Andrew Hunter, director of the Defense-Industrial Initiatives Group at the Center for Strategic and International Studies, a Washington, D.C.-based think tank, said smaller scale Pentagon efforts to reach out to industry, such as STRIKEWERX, have shown to be effective.

“What we’ve seen today have been pretty discreet efforts to tackle clear problems … that really lend themselves to being solved with innovative software,” he said. “These organizations have proven a lot of utility in doing that and in doing it with a mixture of military folks with real coding skills themselves working on the problem, but also getting innovative solutions from industry and being able to combine those two capabilities.”

There have been signs of success, said Hunter who previously led the Pentagon’s Joint Rapid Acquisition Cell.

“Initially what we heard is: ‘We just don’t know how to get access. We don’t know how to find out what the military needs. We can’t get through the contracting process,’” he said. That now seems to be changing in a positive way with the creation of organizations such as AFWERX, the Defense Innovation Unit and others.

The Defense Innovation Unit, also known as DIU, set up its headquarters in Silicon Valley in 2015 to try to help bridge the divide between the military and commercial tech hubs. It has since opened additional offices in Austin and Boston.

Through such initiatives, companies have been able to gain insights about the military’s requirements, how their products could be applicable, receive initial contracts and begin working with the Defense Department, Hunter said.

“There’s a lot of success in the fact that some of those problems that industry has long complained about — I wouldn’t say they’ve been totally solved forever — but a lot of progress has been made in solving them,” he said.

What many companies now struggle with is crossing over the Pentagon’s dreaded “Valley of Death” from the initial exploratory prototyping phase of a program to implementing their solutions and products on a larger scale across the military, he noted.

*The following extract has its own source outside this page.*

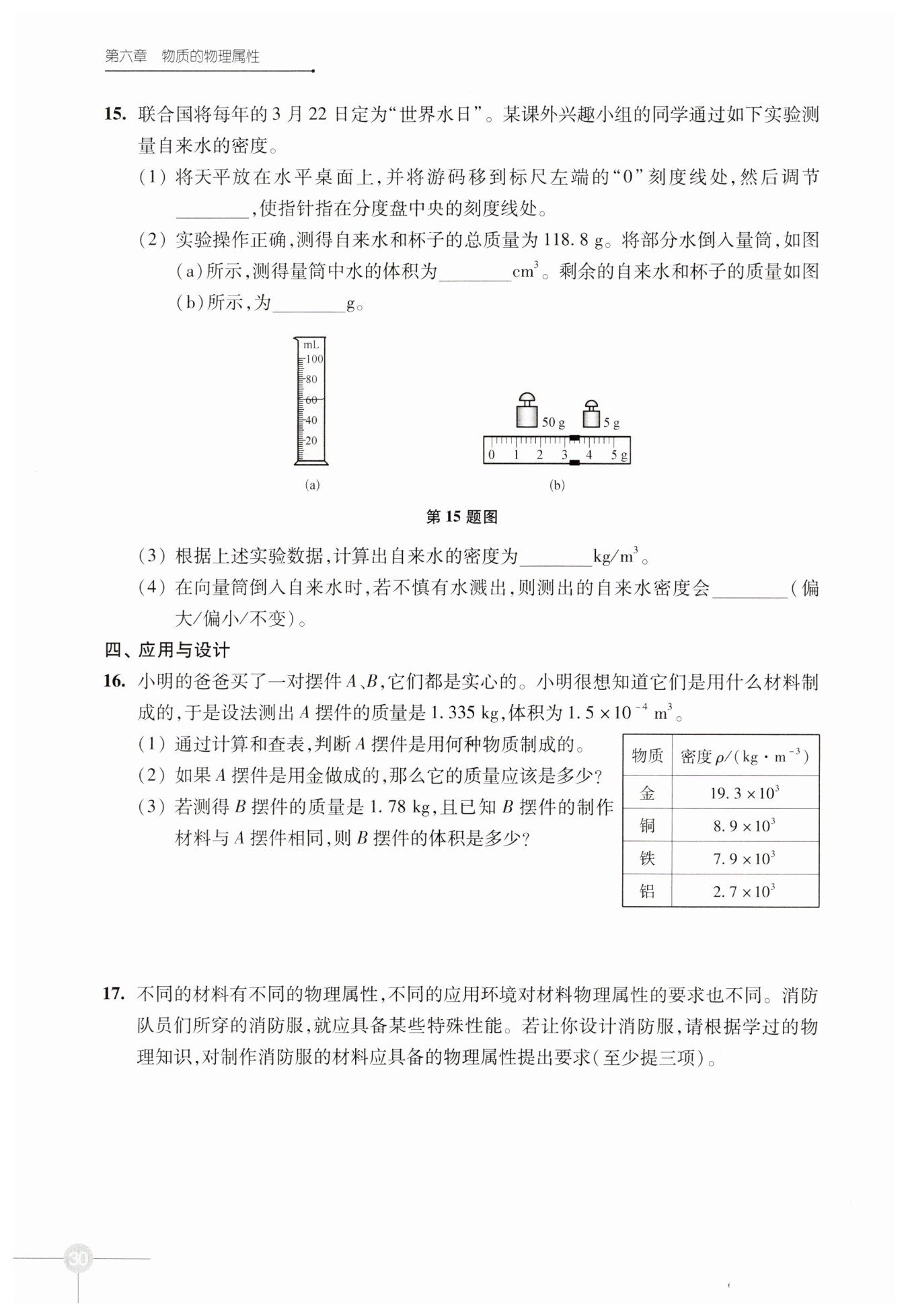 $ 解:(1)ρ=\frac {m }{V}=\frac {1.335\ \text {kg}}{ 1.5×10^{-4}\ \text {m}^3}=8.9×10^{3}\ \text {kg/m}^3 $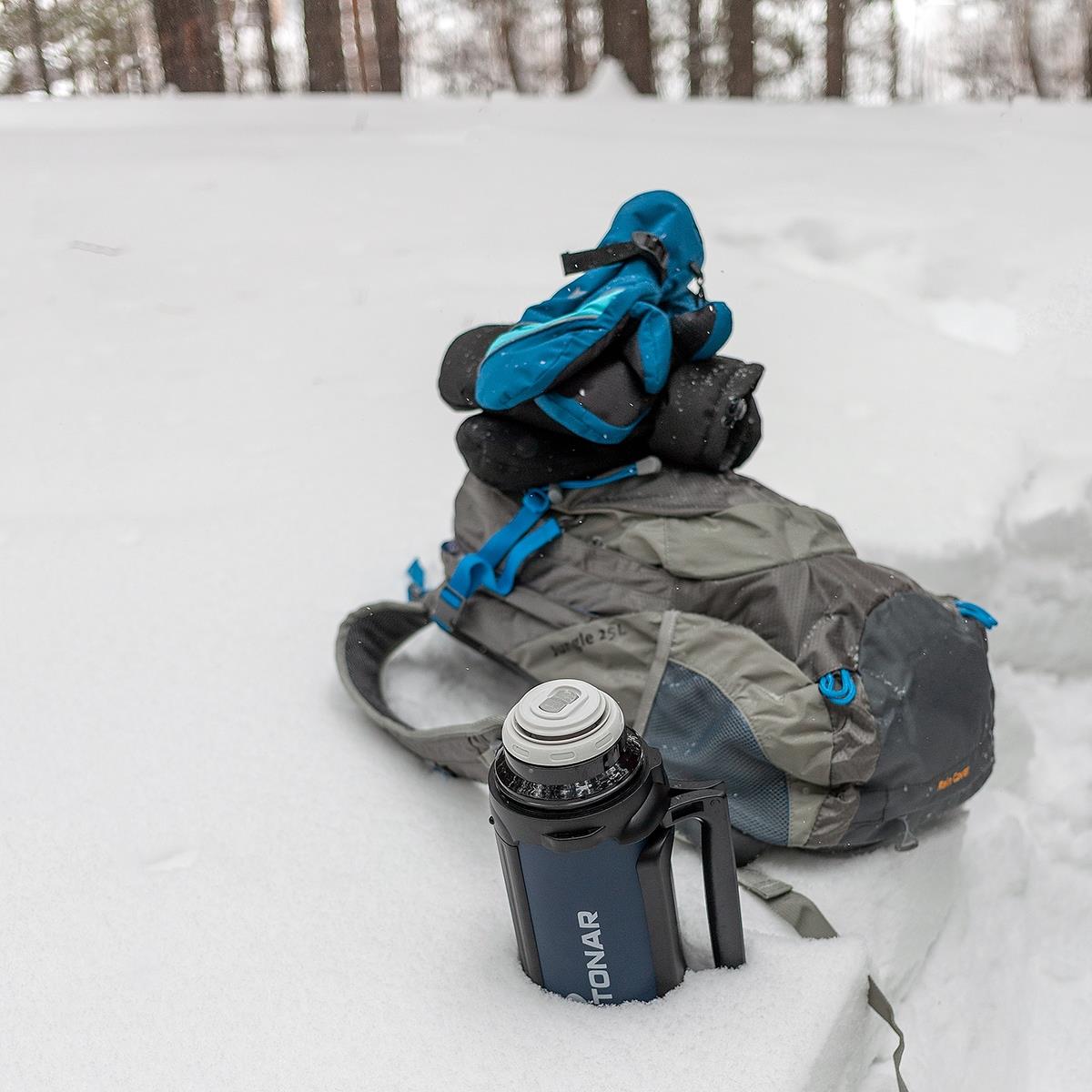 Универсальный термос оснащен двойными стенками с вакуумной изоляцией, которая позволяет сохранять напитки горячими или холодными длительное время.

“It’s still proving challenging to get the follow-on contracts to those initial contracts,” he said.

One key piece of the equation for initiatives like STRIKEWERX to see positive results boils down to the hub’s business models for industry, Hunter said.

“One of my things that I’ve been focused on a lot lately is thinking about the business model for some of these innovative, especially software-oriented solutions, which is: How does the contractor profit in the near term and the long term?” he said. “Where does that profit incentive come to constantly innovate? Which is what we’re kind of asking industry to do.”